Saturday, March 03, 2012

What goes in

To point out the limits of computer technology, there used to be the reminder GIGO – garbage in, garbage out. Computers are limited in what they can accomplish and produce by the software and data that are put into them. If these are weak or poor, so will be the computer’s output.

We are smarter than computers, so we think ourselves capable of filtering the images and impressions we take in over the course of our days, choosing what we wish to retain and accept into our worldview.

Alas, it is not so, as any of us can tell you who watched a movie that scared us when we were younger. What goes in, stays in, with a staying power all its own. What’s more, what goes in, shapes what comes out. You know this if someone has ever asked you about a word or expression you used, and then you thought back and realized that someone you spend time with uses it.
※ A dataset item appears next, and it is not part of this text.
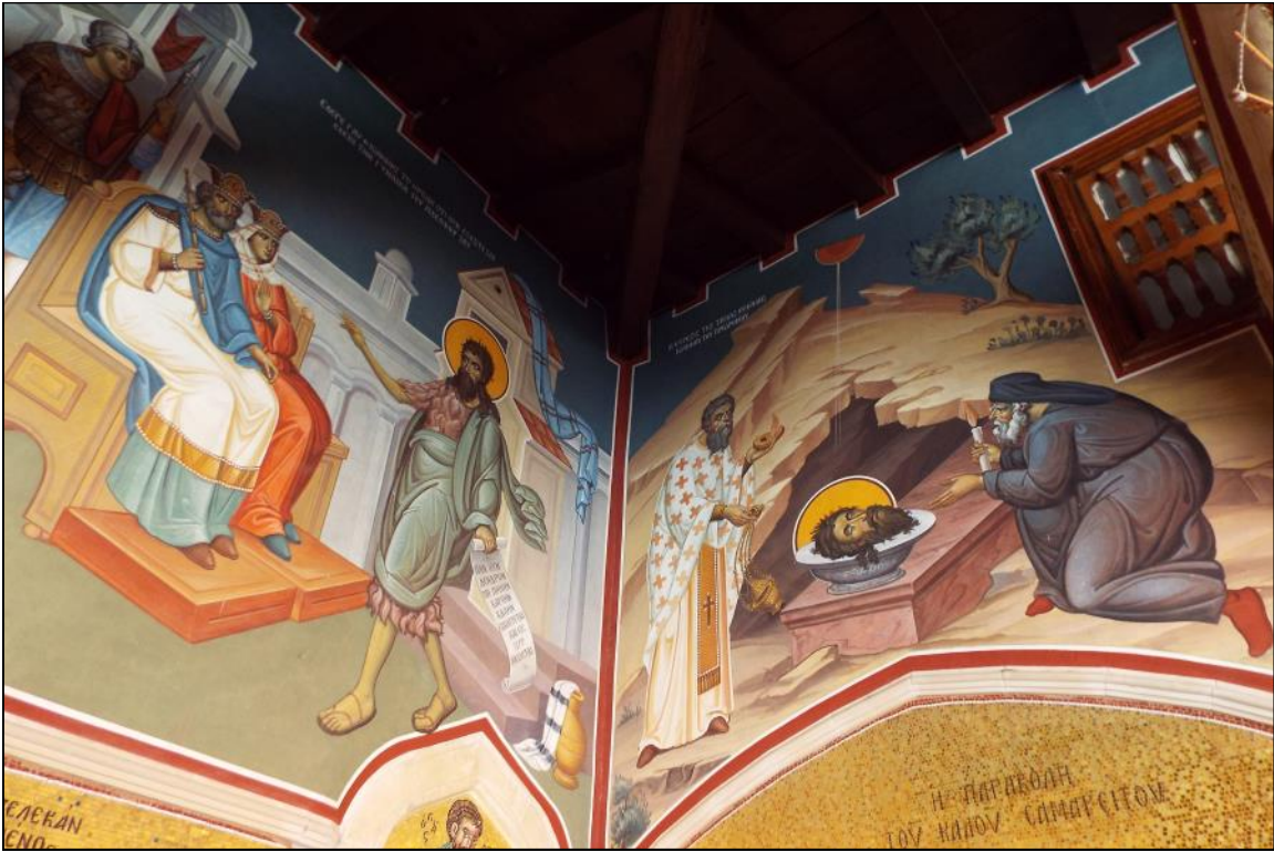
John the Baptist's Chastisement of Herod Antipas for Marrying Herodias, His Brother's Wife, Resulting in John's Head on a Platter (Mk. 6:14-29)

In Lent, we get the chance to modify this process. By spending less time with some or all of the media that ordinarily dominate our days – television, radio, internet – we can identify not only how much violence, greed, lust, and all-around nastiness they pour into our heads, but also how they pollute our own thoughts, words, and deeds. Garbage in, garbage out.

When we put aside these "inputs" and put prayer in their stead, and the Scriptures, or the biography or writings of a saint, or some other study of our faith, we are not necessarily, nor only, uploading new data. Just by putting this before our eyes, we are influencing the thoughts, images, and ideas that stand before our mind's eye. This, in turn, shapes what we say and do, definitely for the better. GIGO comes to mean God in, God out.

Truth and goodness are but two of the essentials that we must include in our diet if it is to nourish us. The third is beauty, equally transcendent, thus equally proper to God and to us. So while weeks ago I encouraged you to clear out much of the audio input from your life for Lent, one benefit of silencing all that noise is that it leaves an open channel for beauty, and attunes us to recognize it. That could be the voice of your child or the song of a bird, both of which reveal something of God's glory for those who have ears to hear.

Toward that end, I would like to draw your attention to next Saturday's concert by Chantry. Not only is this music richer and deeper in composition and performance than the common music that fills our days, but it illuminates texts that specifically meditate on the mysteries of God and our salvation. Psalm 51 is the prayer of a repentant sinner, and can shape and describe our own hearts especially during Lent. Gregorio Allegri’s setting of it in his Miserere for centuries attracted travellers from around the continent to the Sistine Chapel to experience its ethereal and plaintive beauty. It is a gift to be able to hear it live; do come.

Precisely because we are not simply processors and keepers of data the way computers are, truth, goodness, and beauty are to be sought and savored. Study the Truth. Embrace only Goodness. Make the choice and take the time look at, listen to, and enjoy Beauty. When you absorb these aspects of the Divine Being, they will shape your own being and doing. GIGO, for you, will mean when grace goes in, grace flows out.